International career
- Years: Team / Apps / (Points)
- 2024: England U20 / 2 / (0)

= Harvey Cuckson =

English rugby union player (born 2004)

Harvey Cuckson (born 16 January 2004) is a professional rugby union footballer who plays as a lock for United Rugby Championship side Scarlets on loan from Bath.

==Early life==
Cuckson grew up in North Wales where he played junior rugby, and was later educated from the age of 13 years-old in Shropshire, England.

==Club career==

=== Bath and Worcester ===
Cuckson was in the youth rugby pathway at Worcester Warriors prior to signing for Bath Rugby in December 2022. He featured for Bath in the Premiership Rugby Cup during the 2024-25 season, making his debut in a 73-0 win against Ampthill RUFC in November 2024. In May 2025, he had his contract extended by Bath.

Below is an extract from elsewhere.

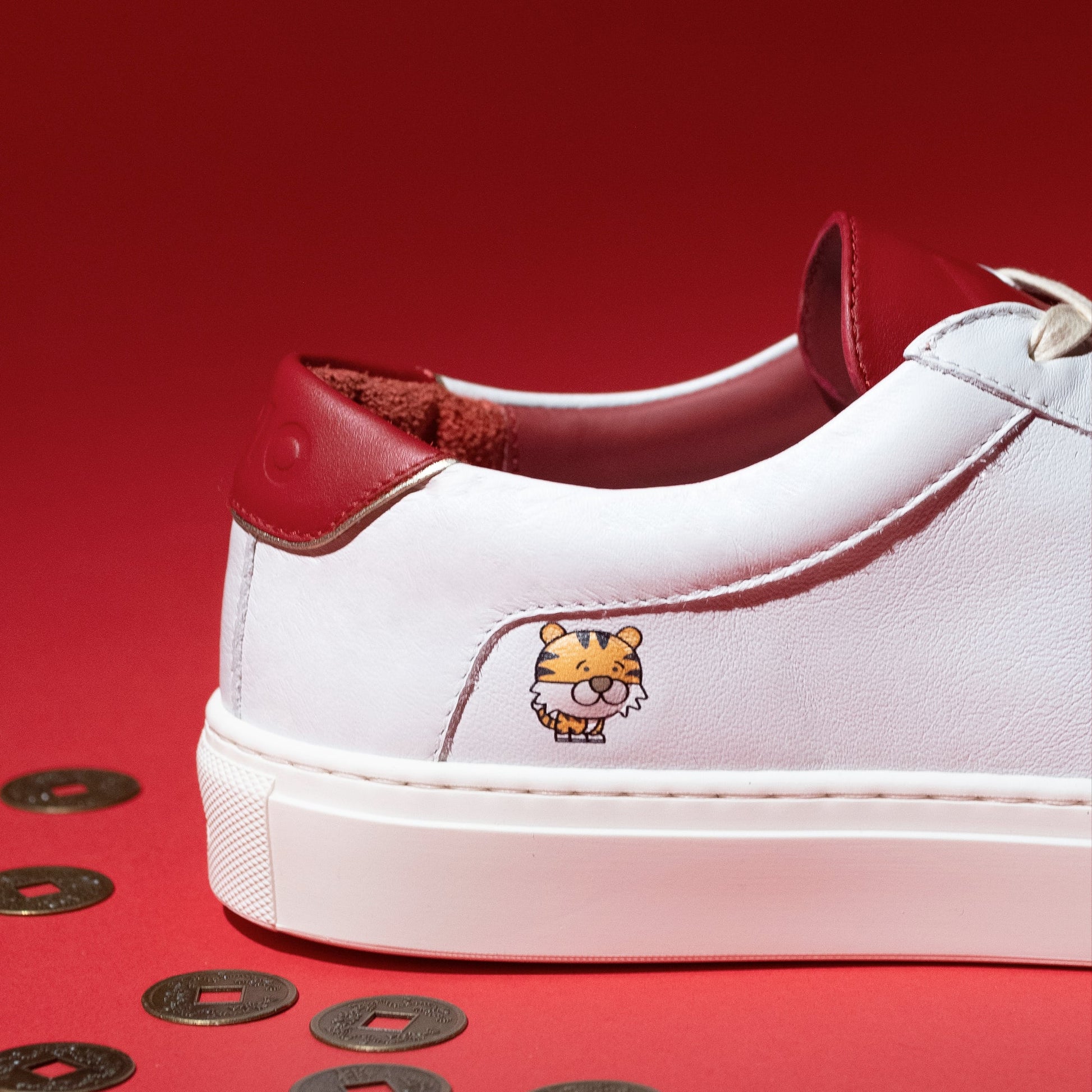 This Lunar New Year edition of our bestselling Capri sneaker features a custom illustration of a tiger—a symbol of strength and courage—drawn by designer Dahan Chung. It’s handcrafted in Italy from LWG Gold-certified white and red leather and set on a partially recycled rubber sole.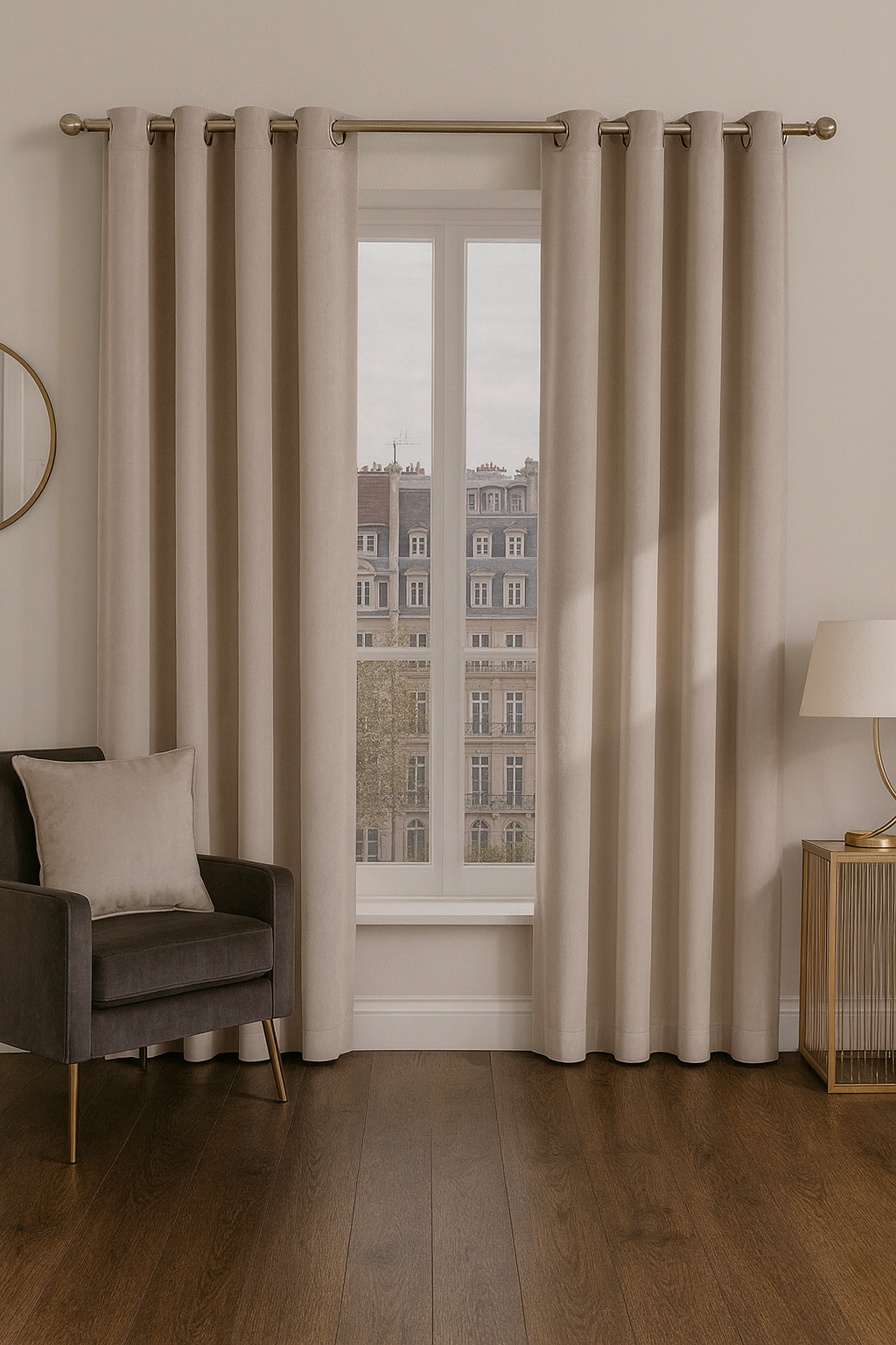 Designed with a modern eyelet header for easy hanging and an elegant drape, these curtains combine practicality with timeless appeal. Perfect for bedrooms, living rooms, or dining areas, they make a simple yet stylish choice for refreshing your home.

At the start of the 2025-26 season, he joined the newly-reformed Worcester Warrior team on loan to play in the RFU Championship. He made his debut as a starter against Hartpury.

=== Loan to Scarlets ===
In October 2025, he joined United Rugby Championship side Scarlets on a short-term loan. He made his Scarlets debut away against Lions in the United Rugby Championship just days later starting alongside fellow emergency loan signing Alex Groves in the second row, on 17 October 2025, in a 29-18 defeat. After his loan initially concluded, Cuckson linked up again with the Scarlets in November.

=== Scarlets ===
On 6 May, Cuckson joined the Scarlets on a permanent contract for the 2026–27 season.

==International career==
Also qualified for Wales, Cuckson made his England Under-18 debut in matches against France and Wales in 2022 before featuring that year in the U18 Six Nations Festival. Later that year, he was included in the NextGenXV list of the leading U18 players in the world.

He was included in the England U20 squad for the 2024 World Rugby U20 Championship and featured in the tournament in a 48-11 win against Fiji U20, but had to pull-out through injury after dislocating his shoulder during the tournament in South Africa.